## EXTRACTED INFORMATION:
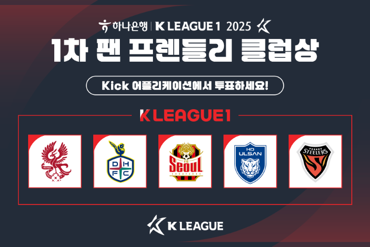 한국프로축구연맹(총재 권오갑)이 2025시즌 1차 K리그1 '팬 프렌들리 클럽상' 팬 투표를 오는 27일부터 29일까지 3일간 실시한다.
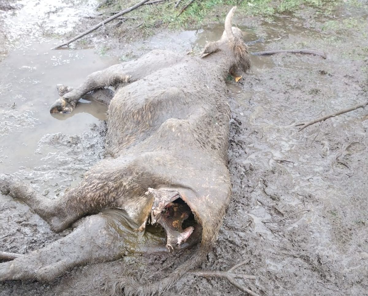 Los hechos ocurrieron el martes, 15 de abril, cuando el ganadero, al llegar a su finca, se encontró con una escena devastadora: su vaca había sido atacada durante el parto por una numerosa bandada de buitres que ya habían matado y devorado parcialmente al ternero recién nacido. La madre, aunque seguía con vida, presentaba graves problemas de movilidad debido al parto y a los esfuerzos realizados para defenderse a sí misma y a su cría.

==

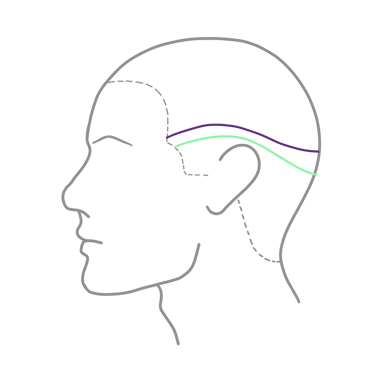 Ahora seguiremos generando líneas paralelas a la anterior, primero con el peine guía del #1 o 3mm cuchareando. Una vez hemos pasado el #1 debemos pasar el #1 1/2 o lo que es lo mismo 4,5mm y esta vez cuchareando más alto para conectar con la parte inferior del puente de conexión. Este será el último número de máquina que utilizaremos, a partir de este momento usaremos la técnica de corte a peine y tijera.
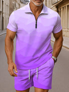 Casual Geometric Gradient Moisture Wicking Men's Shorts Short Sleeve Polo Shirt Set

## TASK BRIEF:
Above, find the line with "Ahora seguiremos generando"; copy it and every line down to the line with "Casual Geometric Gradient", exactly and both included, but no pictures.

## COMPLETED EXERCISE:
 Ahora seguiremos generando líneas paralelas a la anterior, primero con el peine guía del #1 o 3mm cuchareando. Una vez hemos pasado el #1 debemos pasar el #1 1/2 o lo que es lo mismo 4,5mm y esta vez cuchareando más alto para conectar con la parte inferior del puente de conexión. Este será el último número de máquina que utilizaremos, a partir de este momento usaremos la técnica de corte a peine y tijera.
 Casual Geometric Gradient Moisture Wicking Men's Shorts Short Sleeve Polo Shirt Set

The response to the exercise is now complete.